Production-ready offline FP8 checkpoint for vLLM — 47% less VRAM, 80% more concurrency vs BF16.

We searched for a usable offline FP8 checkpoint of Gemma 4 26B-A4B-it but couldn't find one that worked cleanly with vLLM. So we vibe-coded our own and are sharing it with the community.

This repository hosts an offline FP8 checkpoint derived from google/gemma-4-26B-A4B-it for vLLM serving. No on-the-fly quantization needed at startup.

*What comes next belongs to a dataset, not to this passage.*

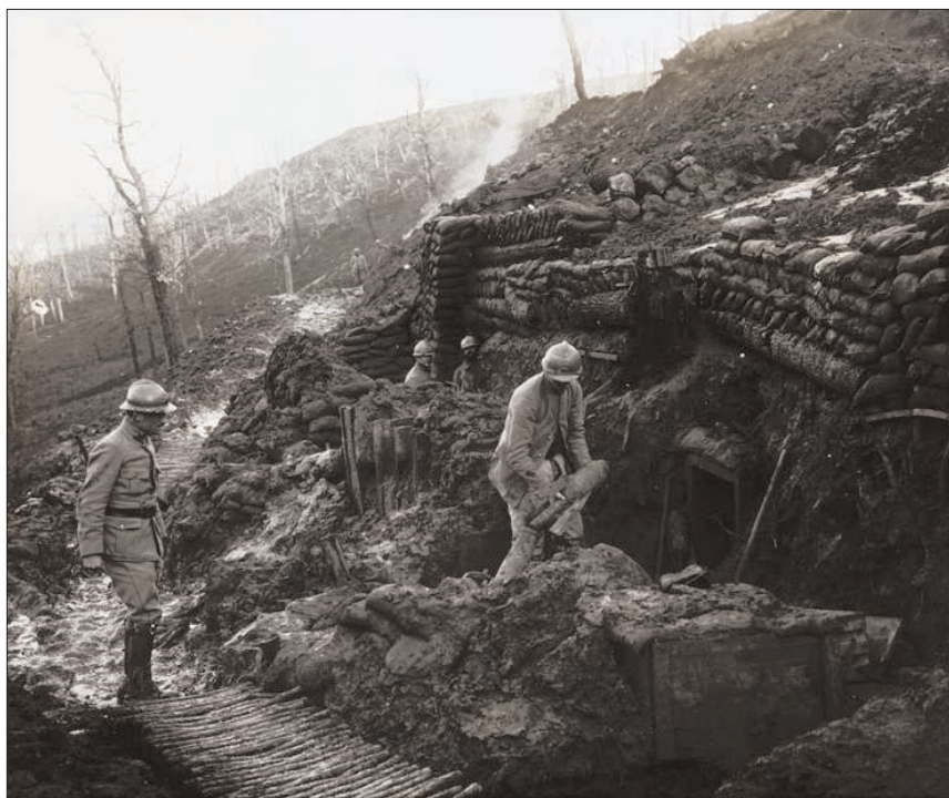
Verdun, chargement d'un «crapouillot» au lieu-dit «Le ravin de la mort» (0.084x0.099) Décembre 1915 Les-Eparges, Verdun. Inv. 2005.29.7

Le modèle 58 n° 2 reste le plus répandu dans les tranchées françaises. Sa bombe à ailettes, en drap garance, devient l'insigne des artilleurs de tranchée, corps dont le général Joffre préconise la création dès le 16 février 1915. L'artillerie en profite pour envoyer ses fortes têtes partager la vie des fantassins dans les tranchées, d'où la réputation frondeuse attachée aux «crapouillots».

Published by Largitdata Inc.

Note: This is a derived operational checkpoint, not an official Google release. The original model's license terms, safety guidance, and documentation remain authoritative.

📖 中文說明 / Chinese Version


Model Details

  • Base model: google/gemma-4-26B-A4B-it
  • Derived format: offline FP8 checkpoint for vLLM
  • Quantization tool: llmcompressor
  • Quantization method: FP8_DYNAMIC
  • Calibration data: None required (dynamic quantization)
  • Excluded weights:
    • norm-class 1D tensors — excluded to avoid expected 2D linear weight validation errors during quantization
    • re:.*router\.proj$ — MoE router weights excluded to maintain compatibility with the Gemma4 vLLM loading path
  • Output directory name: gemma-4-26B-A4B-it-FP8-DYNAMIC-NOROUTER
  • Primary serving target: vllm/vllm-openai:gemma4
  • Organization: Largitdata Inc.

Test Environment

  • GPU: NVIDIA H200 NVL (143 GB VRAM)
  • Runtime: vllm/vllm-openai:gemma4
  • KV cache dtype: fp8
  • max_model_len: 32768
  • gpu_memory_utilization: 0.55

Observed vLLM startup characteristics:

  • model weight loading: 15.76 s
  • model loading total: 16.88 s
  • torch.compile: 56.98 s
  • engine init: 102.17 s
  • total time to /v1/models ready: about 153 s

Observed runtime capacity:

  • max_num_batched_tokens = 8192
  • available KV cache memory: 46.37 GiB
  • GPU KV cache size: 405,184 tokens
  • maximum concurrency at 32,768 tokens/request: 38.87x

Serving Capacity Comparison

Metric FP8 Dynamic Norouter BF16 Baseline
Model loading memory 25.75 GiB 48.5 GiB
GPU KV cache size 405,184 tokens 225,376 tokens
Max concurrency @ 32K tokens/req 38.87x 21.62x
VRAM savings 47% less
KV cache gain 80% more

Basic Benchmark

Single-request warm benchmark against the OpenAI-compatible vLLM endpoint:

  • prompt tokens: 38
  • completion tokens: 256
  • temperature: 0
Metric FP8 Dynamic Norouter BF16 Baseline
Avg end-to-end latency 1.629 s 1.536 s
Avg completion throughput 157.19 tok/s 166.62 tok/s
Avg total throughput 180.53 tok/s 191.36 tok/s

These numbers are single-request warm-path measurements, not multi-client throughput tests. In production multi-client scenarios, the FP8 variant's larger KV cache is expected to provide superior aggregate throughput.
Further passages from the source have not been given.